I could just create a new btrfs on the new logical volume for lxc and
copy the data across. Slightly wary if the error I am seeing when I try
to add it to an existing file system is occurring that this will not
bite me later.
For completeness the old btrfs looks like this:
root@phoenix:/var/lib/lxc# btrfs fi u .
Overall:
Device size: 80.00GiB
Device allocated: 80.00GiB
Device unallocated: 1.00MiB
Device missing: 0.00B
Used: 69.33GiB
Free (estimated): 3.91GiB (min: 3.91GiB)
Free (statfs, df): 3.91GiB
Data ratio: 1.00
Metadata ratio: 1.00
Global reserve: 512.00MiB (used: 0.00B)
Multiple profiles: no
Data,single: Size:62.01GiB, Used:58.10GiB (93.70%)

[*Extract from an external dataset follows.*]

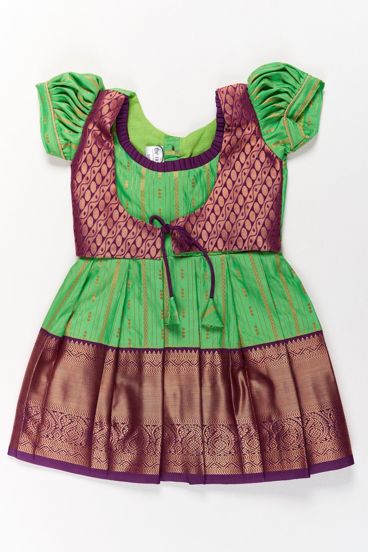 This stunning green and maroon pattu pavadai set is a must-have for your little girl’s festive wardrobe. Designed with a rich silk fabric, the outfit features a pleated skirt with golden zari borders, exuding a classic traditional charm. The attached blouse has intricate detailing and a tie-up back, adding a graceful touch to the ensemble. The puff sleeves give a cute and ethnic look, making it ideal for cultural events, Navratri, Pongal, and family celebrations. Style it with gold jewelry and traditional footwear for a complete ethnic look.

/dev/mapper/nvme0_vg-lxc_20200626 62.01GiB
Metadata,single: Size:17.99GiB, Used:11.22GiB (62.41%)
/dev/mapper/nvme0_vg-lxc_20200626 17.99GiB
System,single: Size:4.00MiB, Used:16.00KiB (0.39%)

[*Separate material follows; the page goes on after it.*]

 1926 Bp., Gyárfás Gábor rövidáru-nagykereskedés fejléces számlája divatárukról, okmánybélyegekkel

/dev/mapper/nvme0_vg-lxc_20200626 4.00MiB
Unallocated:
/dev/mapper/nvme0_vg-lxc_20200626 1.00MiB
root@phoenix:/var/lib/lxc#
Any thoughts?
I realise that this filesystem stack is complex. The reason is that I
am running mariadb and I have used lvm to create a logical volume with a
xfs partition to hold the database as that is supposed to work better,
at least historically. Similar concerns with the qemu images. I'm
unsure of whether it gives me a sufficient performance difference to be
worth the extra complexity, and if I can't tell subjectively it is not
clear that the extra complexity is worthwhile.